Please output the line containing "မြန်မာနိုင်ငံအတွင်းရှိ ဗုဒ္ဓဘာသာဝင်များ ယုံကြည်ကိုးကွယ်သည့်" and all lines that follow it in the data below, exactly, with no pictures.

Data extract:

[Start of section]

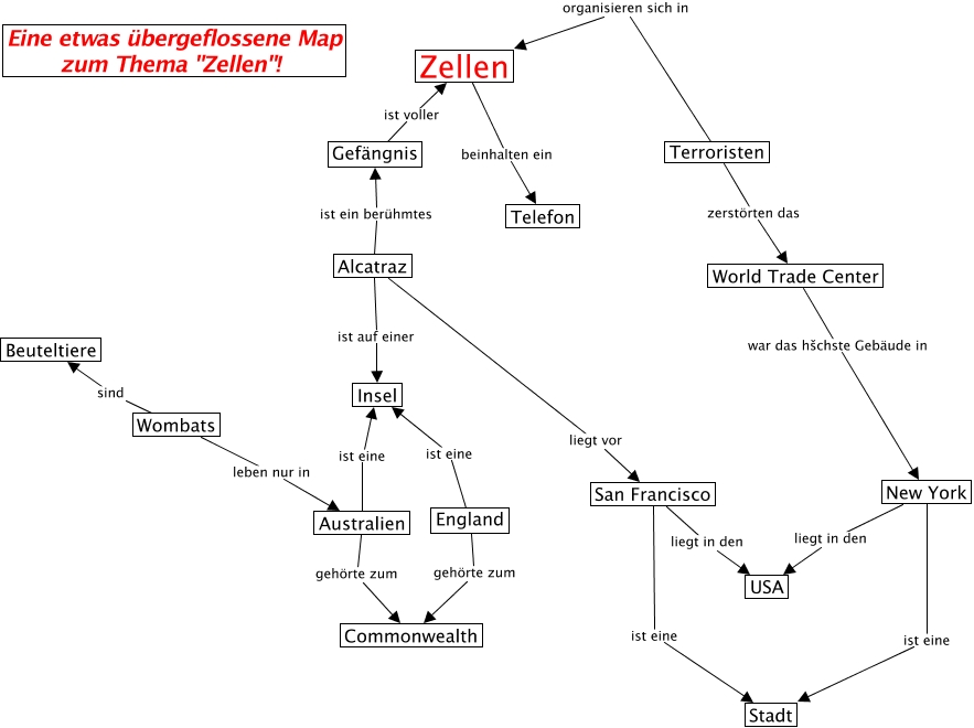 Dieses mit IHMC CmapTools erstellte CMap hat Informationen bezüglich: Zelle 0, Alcatraz liegt vor San Francisco, Australien ist eine Insel, San Francisco ist eine Stadt, Australien gehörte zum Commonwealth, England gehörte zum Commonwealth, Gefängnis ist voller Zellen, New York ist eine Stadt, England ist eine Insel, Alcatraz ist ein berühmtes Gefängnis, New York liegt in den USA, Alcatraz ist auf einer Insel, Wombats sind Beuteltiere, Terroristen zerstörten das World Trade Center, Terroristen organisieren sich in Zellen, Zellen beinhalten ein Telefon, San Francisco liegt in den USA, Wombats leben nur in Australien, World Trade Center war das hšchste Gebäude in New York
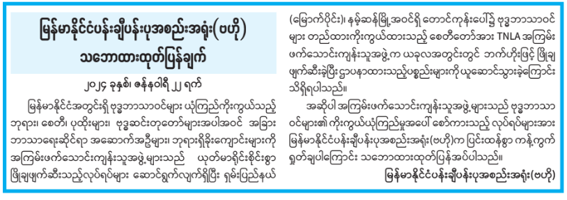 မြန်မာနိုင်ငံအတွင်းရှိ ဗုဒ္ဓဘာသာဝင်များ ယုံကြည်ကိုးကွယ်သည့် ဘုရား၊ စေတီ၊ ပုထိုးများ၊ ဗုဒ္ဓဆင်းတုတော်များအပါအဝင် အခြား ဘာသာရေးဆိုင်ရာ အဆောက်အဦများ၊ ဘုရားရှိခိုးကျောင်းများကို အကြမ်းဖက်သောင်းကျန်းသူအဖွဲ့များသည် ယုတ်မာရိုင်းစိုင်းစွာ ဖြိုချဖျက်ဆီးသည့်လုပ်ရပ်များ ဆောင်ရွက်လျက်ရှိပြီး ရှမ်းပြည်နယ် (မြောက်ပိုင်း)၊ နမ့်ဆန်မြို့အဝင်ရှိ တောင်ကုန်းပေါ်၌ ဗုဒ္ဓဘာသာဝင်များ တည်ထားကိုးကွယ်ထားသည့် စေတီတော်အား TNLA အကြမ်း ဖက်သောင်းကျန်းသူအဖွဲ့က ယခုလအတွင်းတွင် ဘက်ဟိုးဖြင့် ဖြိုချ ဖျက်ဆီးခဲ့ပြီး ဌာပနာထားသည့်ပစ္စည်းများကို ယူဆောင်သွားခဲ့ကြောင်း သိရှိရပါသည်။
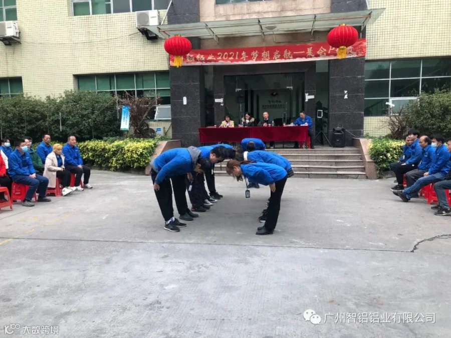 智铝团队有着家庭一样的温暖气息,也有着像军队一样的严肃执行力,以及标准化的作业流程,我们标准化的晨会就是最好的体现!

[End of section]

Problem solution:
 မြန်မာနိုင်ငံအတွင်းရှိ ဗုဒ္ဓဘာသာဝင်များ ယုံကြည်ကိုးကွယ်သည့် ဘုရား၊ စေတီ၊ ပုထိုးများ၊ ဗုဒ္ဓဆင်းတုတော်များအပါအဝင် အခြား ဘာသာရေးဆိုင်ရာ အဆောက်အဦများ၊ ဘုရားရှိခိုးကျောင်းများကို အကြမ်းဖက်သောင်းကျန်းသူအဖွဲ့များသည် ယုတ်မာရိုင်းစိုင်းစွာ ဖြိုချဖျက်ဆီးသည့်လုပ်ရပ်များ ဆောင်ရွက်လျက်ရှိပြီး ရှမ်းပြည်နယ် (မြောက်ပိုင်း)၊ နမ့်ဆန်မြို့အဝင်ရှိ တောင်ကုန်းပေါ်၌ ဗုဒ္ဓဘာသာဝင်များ တည်ထားကိုးကွယ်ထားသည့် စေတီတော်အား TNLA အကြမ်း ဖက်သောင်းကျန်းသူအဖွဲ့က ယခုလအတွင်းတွင် ဘက်ဟိုးဖြင့် ဖြိုချ ဖျက်ဆီးခဲ့ပြီး ဌာပနာထားသည့်ပစ္စည်းများကို ယူဆောင်သွားခဲ့ကြောင်း သိရှိရပါသည်။
 智铝团队有着家庭一样的温暖气息,也有着像军队一样的严肃执行力,以及标准化的作业流程,我们标准化的晨会就是最好的体现!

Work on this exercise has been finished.